We analyzed those two SNPs and another neighbour SNP located on the exon 4 of ESR1 in 787 patients with hip fractures and 953 controls from Spain.
The allelic frequencies differed markedly from those reported in Asian populations. Nevertheless, haplotypes including the rs3020314 and rs1884051 loci in intron 4 showed a significant association with hip fractures (omnibus test p = 0.006 in the whole group and 0.00005 in women). In the sex-stratified analysis, the association was significant in females, but not in males. In women, the CA haplotype appeared to have a protective influence, being present in 6.5% of the controls, but only in 3% of patients with fractures (odds ratio 0.39; 95% confidence interval 0.26-0.59; estimated population preventive fraction 3.5%). The inclusion of the rs1801132 SNP of exon 4 further increased the statistical significance of the association (odds ratio 0.17; 95% CI 0.08-0.37; p = 0.00001). Each SNP appeared to contribute independently to the association. No genotype-related differences in gene expression were found in 42 femoral bone samples.

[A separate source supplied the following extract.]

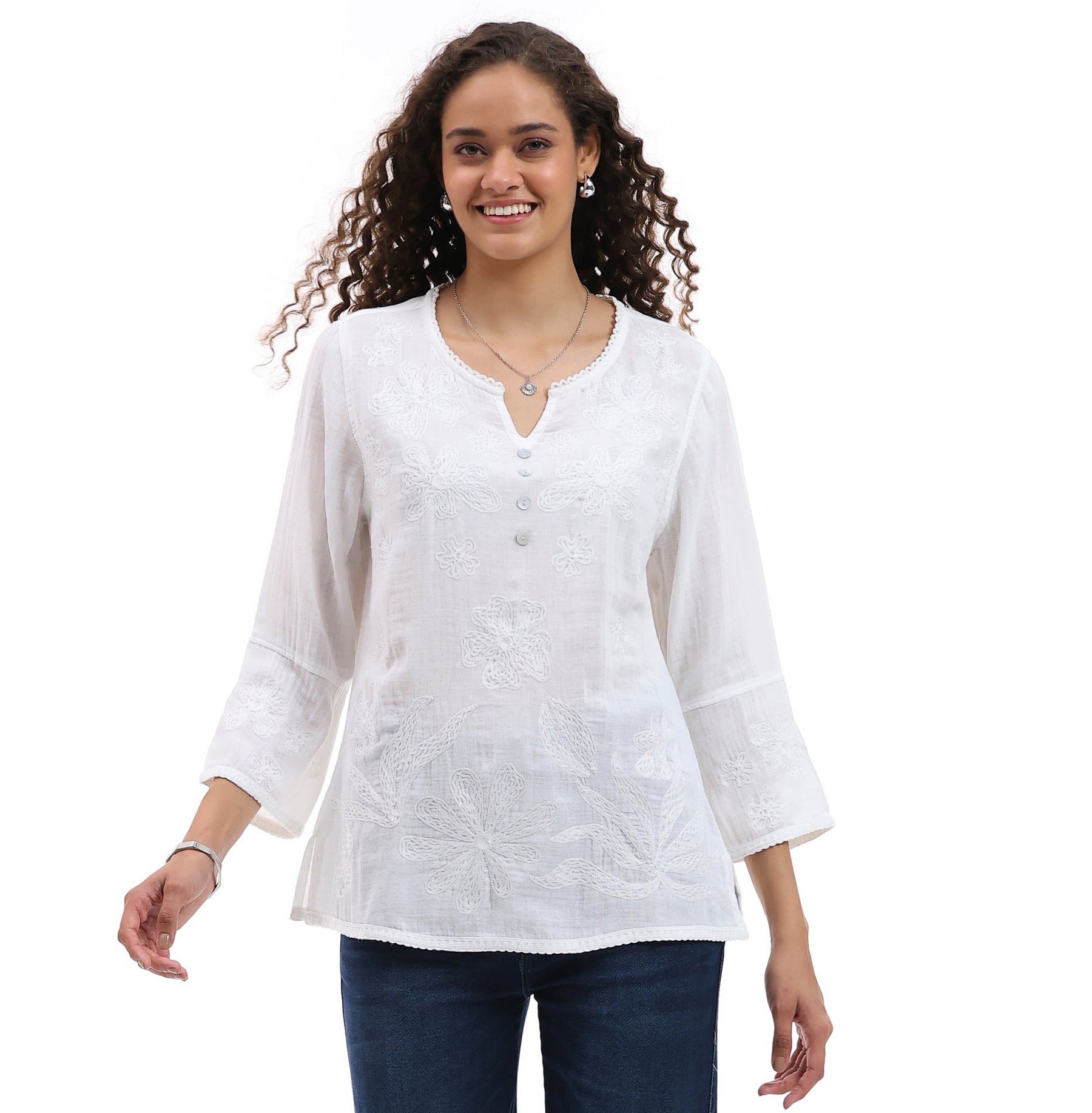 Effortless elegance meets everyday comfort in this pearl white tunic top. The flattering split V-neckline and three-quarter sleeves create a refined silhouette, while delicate all-over embroidery adds understated luxury. lined for a smooth drape, this slight tunic-length piece transitions seamlessly from season to season. A Parsley & Sage classic—the summer essential that works year-round.

This study confirms the association of some polymorphisms in the region of exon 4/intron 4 of ESR1 and hip fractures in women. However, there are marked differences in allele frequencies between Asian and Caucasian populations.
- Bone Mineral Density
- Vertebral Fracture
- Fracture Risk
- Fracture Group
- Allelic Frequency Distribution
Osteoporosis has a strong genetic component, and twin and family studies have shown that the variation of skeletal traits such as bone mineral density and bone size depends on heritable factors to a large extent [1, 2]. Thus, for the past 15 years many studies have been performed in order to identify the genes responsible for such hereditary influence. Sex steroids play a critical role in bone homeostasis . Hence, not surprisingly, estrogen-related genes, including enzymes involved in estrogen synthesis [4, 5] and the estrogen receptor alpha gene (ESR1) have been widely studied. ESR1 is located on chromosome 6q25 and comprises 8 exons . After the seminal work by Kobayashi et al , many investigators explored the association between ESR1 polymorphisms and bone phenotypes. In the majority of studies, some closely linked polymorphisms situated in intron 1, frequently characterized by using the restriction enzymes PvuII and XbaI, were analyzed. The results have been controversial, with some, but not all studies showing an association of those polymorphisms with BMD or fractures [8–12]. Nevertheless, a large meta-analyses and a multicenter study showed evidence for an association with bone mineral density (BMD) or vertebral fractures [10, 11]. Recent genome-wide association (GWA) studies also showed a very significant association between certain ESR1 polymorphisms and BMD [13, 14].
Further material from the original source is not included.